Records from a dataset:
*-*-*

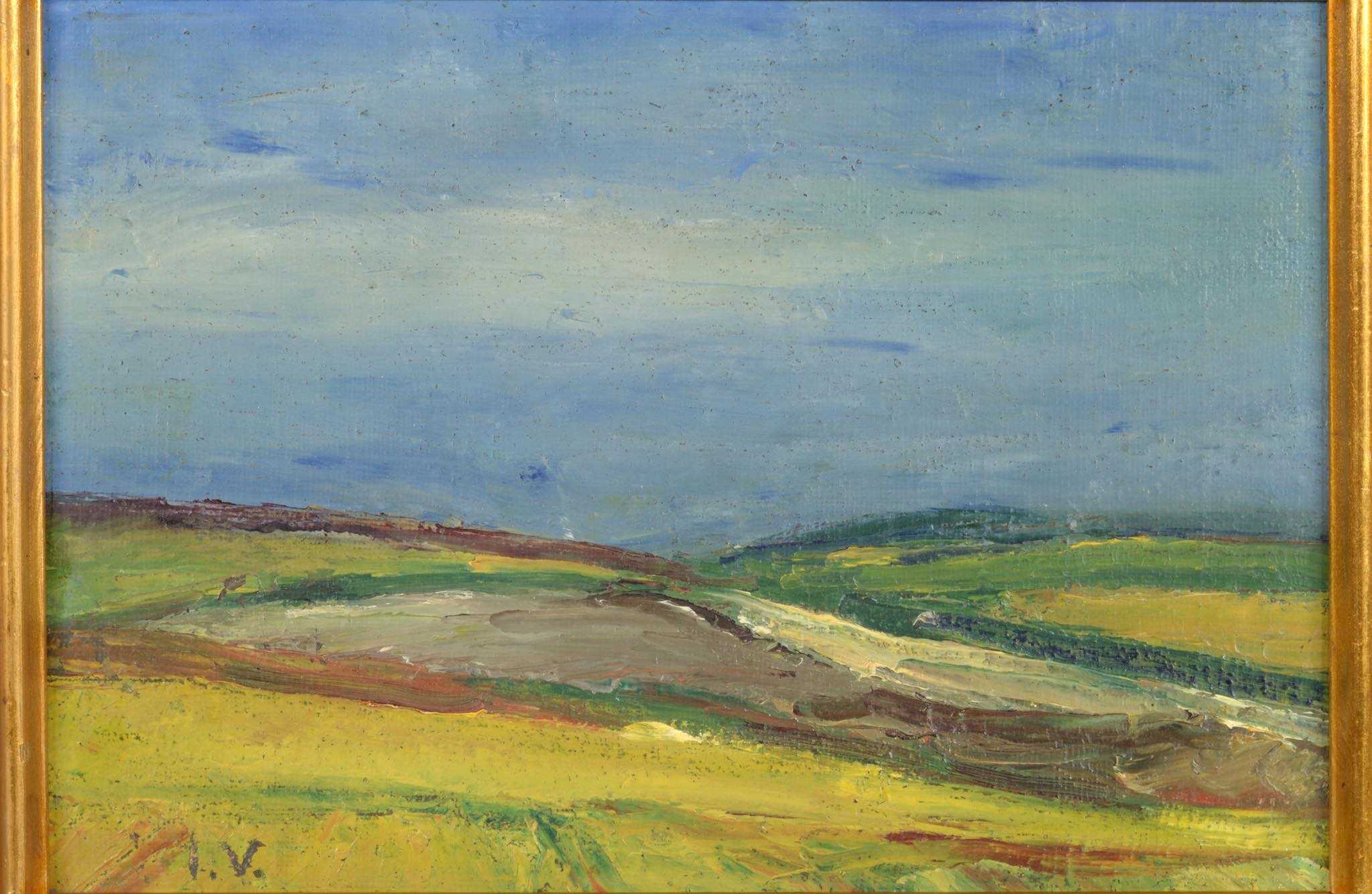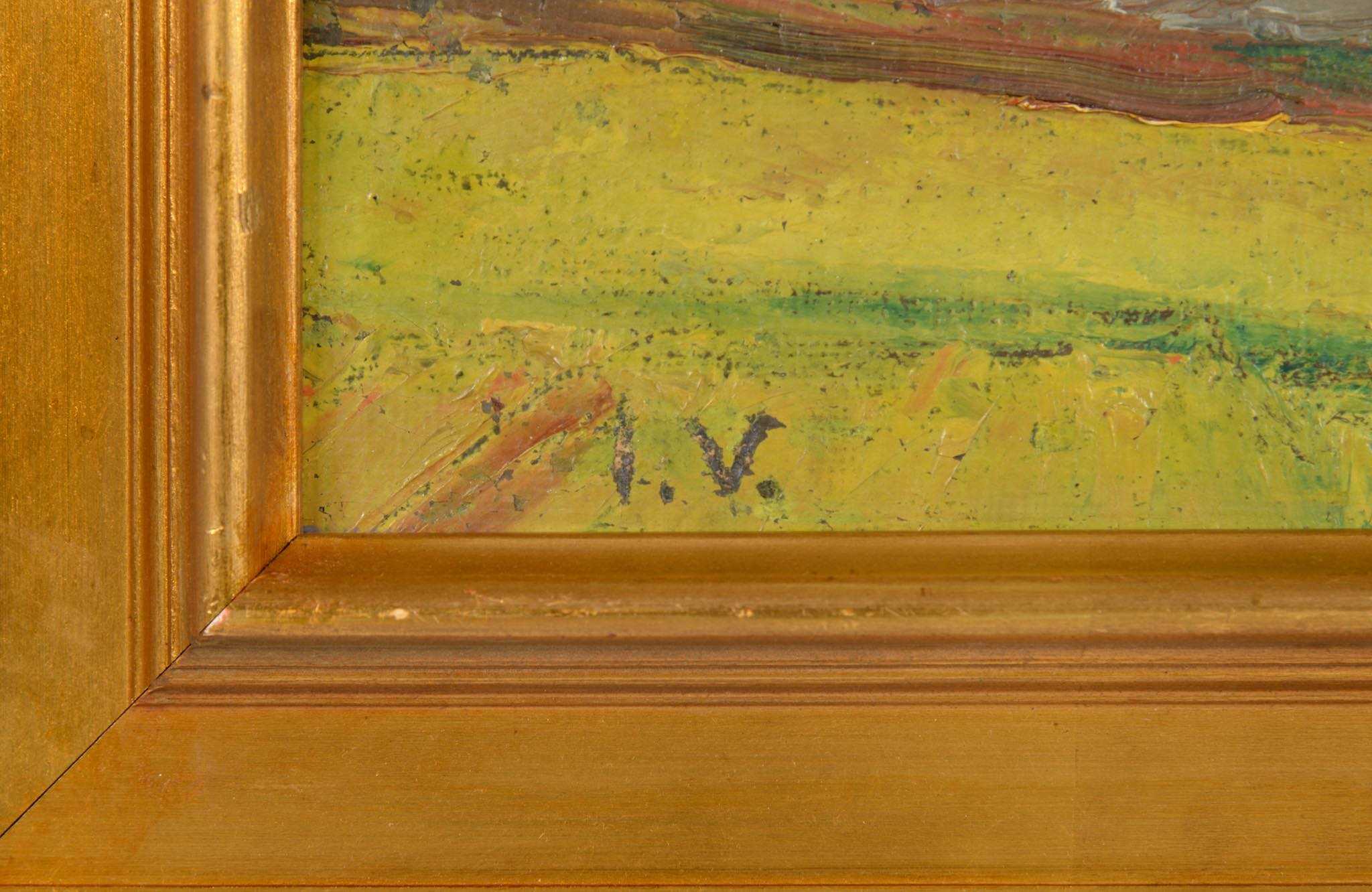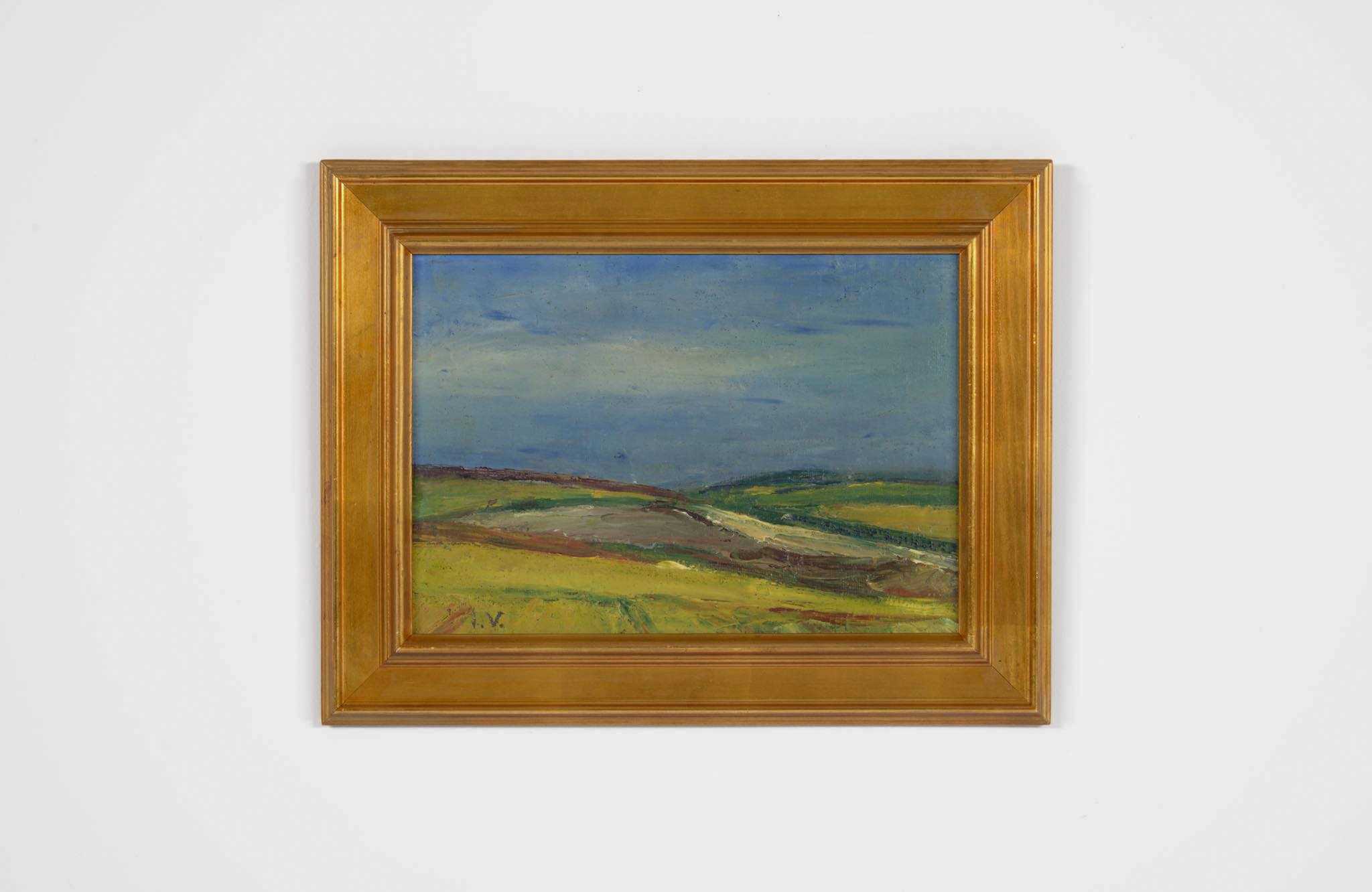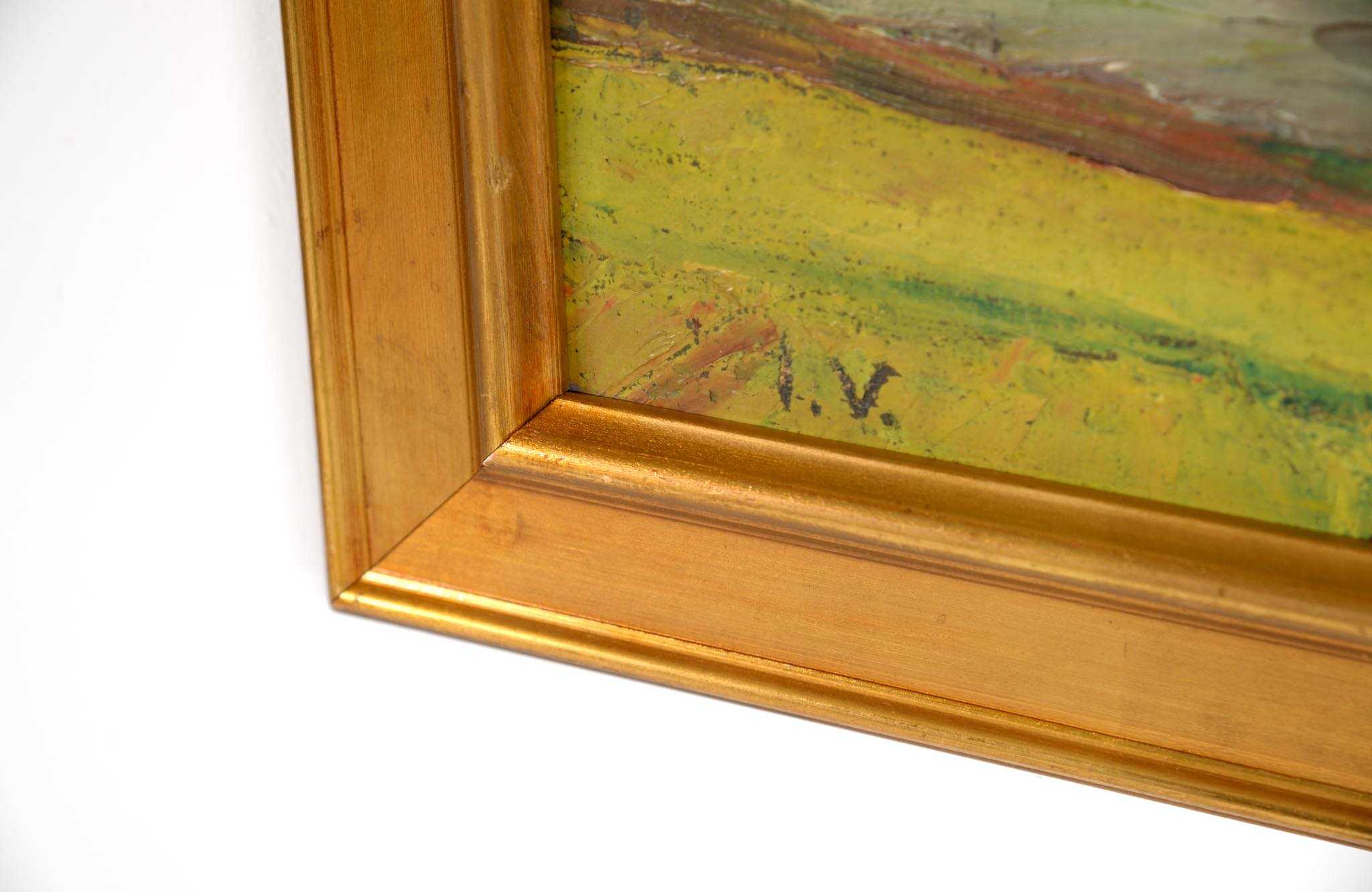 20世紀中葉のデンマークで活躍した画家、Jeppe Vontillius/イェッペ・ヴォンティリウスによる油彩風景画作品です。キャンバスをボードに貼り付けて描かれており、筆致からみて比較的古い時代に描かれたようです。春の訪れを感じさせる田園風景を流れるような筆使いで描いています。氏が好んで描いていたシェラン島北部の丘陵地域がモチーフと思われます。金箔のフレームはオリジナルのようで、背面の押さえ板は新たに作成しました。コンディションは良好です。
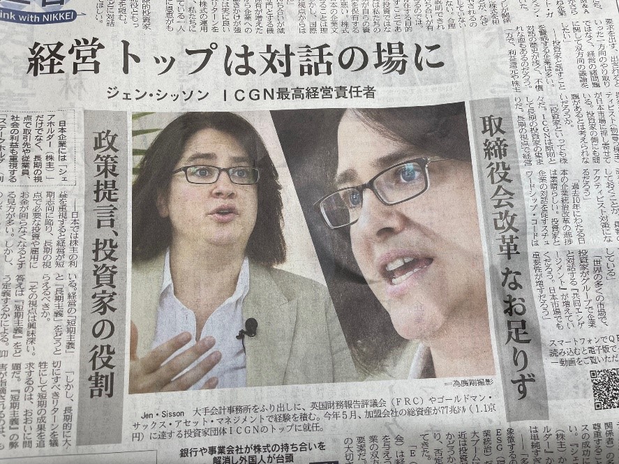 2024年9月29日の日経新聞で世界の投資家を束ね企業に統治改革を求める組織、国際コーポレート・ガバナンス・ネットワーク(ICGN)のジェン・シッソン最高経営責任者(CEO)がも日本政府に対して、取締役会の改革をさらに進め、投資カとの連携をさらに密にするよう求める記事が出ています。やっぱり現在も日本企業の内向き志向は続いているのだなーと感じました。
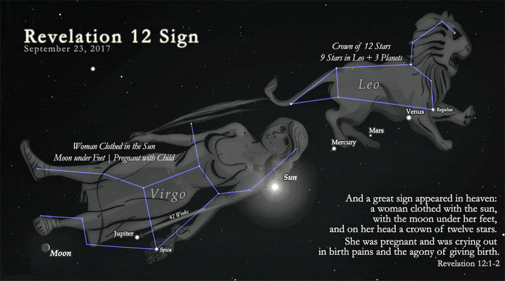 On September 23, 2017 this sign was fulfilled. The sun was in the zodiac constellation Virgo – “a woman clothed with the sun”. The moon was at the feet of Virgo – “with the moon under her feet”. The ‘nine’ stars of the zodiac constellation Leo, plus three planets (Mercury, Venus, and Mars), was at the head of Virgo – “on her head a crown of 12 stars”. The planet Jupiter was in the centre of Virgo, and, as the weeks pass after September 23, Jupiter exited Virgo to the east, past her feet, as if she was giving birth – “She was with child and wailed aloud in pain as she laboured to give birth”. Jupiter is the largest of the planets, and could be called the “king” of the planets – “She gave birth to a son, a male child, destined to rule all the nations with an iron rod”.
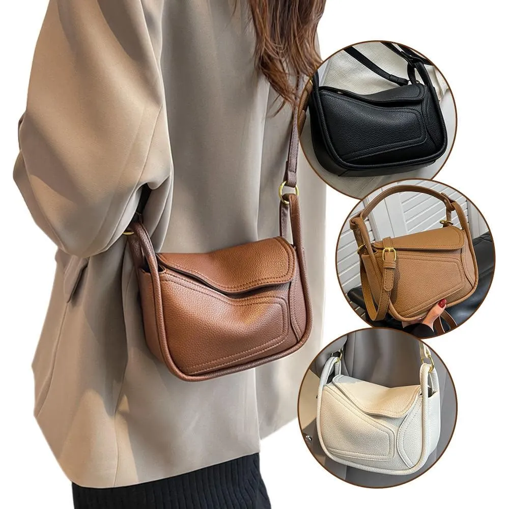 Bliss BKK復古幾何拼接皮革手提斜跨包 附品牌防塵袋 側背包 肩背包 美拉德 斜背包女 手提包 斜背包 (4色可選)
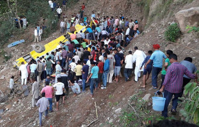 SHIMLA/NURPUR: Twenty seven children were among 30 killed when a school bus ferrying them back home plunged into a deep gorge near village Gurchal on the Nurpur-Chamba highway, about 100 km from the district headquarters at Dharamsala.
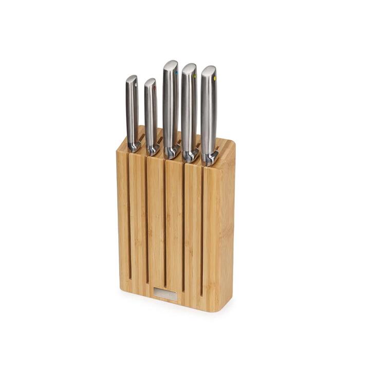 The Joseph Joseph Elevate Steel Knives Bamboo 5-Piece Knife Block Set is a culinary essential for precision and style. Crafted with precision from high-quality Japanese stainless steel, the set features five knives with ergonomic stainless steel handles, ensuring optimal balance and control. The innovative Elevate technology promotes hygiene and cleanliness by preventing the blades from touching surfaces when at rest. The weighted handles and integrated tool rests add convenience to your culinary journey. Store your knives in the chic slimline bamboo knife block with non-slip feet for a clutter-free kitchen. The Joseph Joseph Elevate Steel Knives Bamboo 5-Piece Knife Block Set includes a 9cm Paring knife, 11cm Serrated knife, 14cm Santoku knife, 20cm Chef's knife, and a 20cm Bread knife. Features High-quality Japanese stainless steel blades Ergonomic stainless steel handles for optimal control Elevate technology prevents blade contact with surfaces for improved hygiene Weighted handles and integrated rests enhance convenience Stylish bamboo knife block with non-slip feet for organised storage Set includes 9cm Paring, 11cm Serrated, 14cm Santoku, 20cm Chef's, and 20cm Bread knives Material Storage Block: Bamboo Knives: Stainless Steel Dimensions Storage Block: 6.1 x 35.5 x 14.9cm Paring knife: 9cm Serrated knife: 11cm Santoku knife: 14cm Chef's knife: 20cm Bread knife: 20cm What Am I Buying 1 x Storage Block 1 x Paring knife 1 x Serrated knife 1 x Santoku knife 1 x Chef's knife 1 x Bread knife
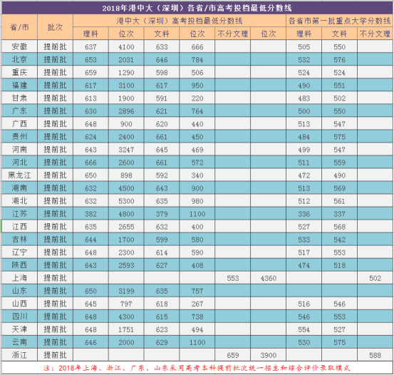 (2018年港中大(深圳)各省/市高考投档最低分数线)
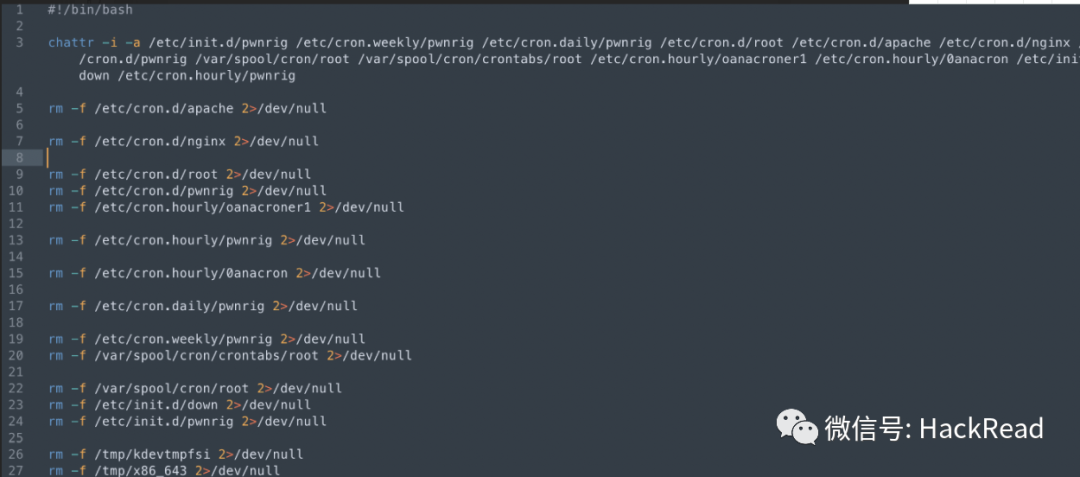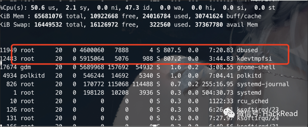 情况简介某日接到用户电话,用户某应用系统微信公众号平台服务器应用运行异常掉线卡顿,运维人员检查后发现服务器存在占用大量CPU资源的恶意进程,且无法清除该进程,导致WEB应用服务无法正常运行。接触到的大

*-*-*

## Task item
Return each entry exactly as it appears above, but exclude the pictures.

## Solution for this problem
 20世紀中葉のデンマークで活躍した画家、Jeppe Vontillius/イェッペ・ヴォンティリウスによる油彩風景画作品です。キャンバスをボードに貼り付けて描かれており、筆致からみて比較的古い時代に描かれたようです。春の訪れを感じさせる田園風景を流れるような筆使いで描いています。氏が好んで描いていたシェラン島北部の丘陵地域がモチーフと思われます。金箔のフレームはオリジナルのようで、背面の押さえ板は新たに作成しました。コンディションは良好です。
 2024年9月29日の日経新聞で世界の投資家を束ね企業に統治改革を求める組織、国際コーポレート・ガバナンス・ネットワーク(ICGN)のジェン・シッソン最高経営責任者(CEO)がも日本政府に対して、取締役会の改革をさらに進め、投資カとの連携をさらに密にするよう求める記事が出ています。やっぱり現在も日本企業の内向き志向は続いているのだなーと感じました。
 On September 23, 2017 this sign was fulfilled. The sun was in the zodiac constellation Virgo – “a woman clothed with the sun”. The moon was at the feet of Virgo – “with the moon under her feet”. The ‘nine’ stars of the zodiac constellation Leo, plus three planets (Mercury, Venus, and Mars), was at the head of Virgo – “on her head a crown of 12 stars”. The planet Jupiter was in the centre of Virgo, and, as the weeks pass after September 23, Jupiter exited Virgo to the east, past her feet, as if she was giving birth – “She was with child and wailed aloud in pain as she laboured to give birth”. Jupiter is the largest of the planets, and could be called the “king” of the planets – “She gave birth to a son, a male child, destined to rule all the nations with an iron rod”.
 Bliss BKK復古幾何拼接皮革手提斜跨包 附品牌防塵袋 側背包 肩背包 美拉德 斜背包女 手提包 斜背包 (4色可選)
 SHIMLA/NURPUR: Twenty seven children were among 30 killed when a school bus ferrying them back home plunged into a deep gorge near village Gurchal on the Nurpur-Chamba highway, about 100 km from the district headquarters at Dharamsala.
 The Joseph Joseph Elevate Steel Knives Bamboo 5-Piece Knife Block Set is a culinary essential for precision and style. Crafted with precision from high-quality Japanese stainless steel, the set features five knives with ergonomic stainless steel handles, ensuring optimal balance and control. The innovative Elevate technology promotes hygiene and cleanliness by preventing the blades from touching surfaces when at rest. The weighted handles and integrated tool rests add convenience to your culinary journey. Store your knives in the chic slimline bamboo knife block with non-slip feet for a clutter-free kitchen. The Joseph Joseph Elevate Steel Knives Bamboo 5-Piece Knife Block Set includes a 9cm Paring knife, 11cm Serrated knife, 14cm Santoku knife, 20cm Chef's knife, and a 20cm Bread knife. Features High-quality Japanese stainless steel blades Ergonomic stainless steel handles for optimal control Elevate technology prevents blade contact with surfaces for improved hygiene Weighted handles and integrated rests enhance convenience Stylish bamboo knife block with non-slip feet for organised storage Set includes 9cm Paring, 11cm Serrated, 14cm Santoku, 20cm Chef's, and 20cm Bread knives Material Storage Block: Bamboo Knives: Stainless Steel Dimensions Storage Block: 6.1 x 35.5 x 14.9cm Paring knife: 9cm Serrated knife: 11cm Santoku knife: 14cm Chef's knife: 20cm Bread knife: 20cm What Am I Buying 1 x Storage Block 1 x Paring knife 1 x Serrated knife 1 x Santoku knife 1 x Chef's knife 1 x Bread knife
 (2018年港中大(深圳)各省/市高考投档最低分数线)
 情况简介某日接到用户电话,用户某应用系统微信公众号平台服务器应用运行异常掉线卡顿,运维人员检查后发现服务器存在占用大量CPU资源的恶意进程,且无法清除该进程,导致WEB应用服务无法正常运行。接触到的大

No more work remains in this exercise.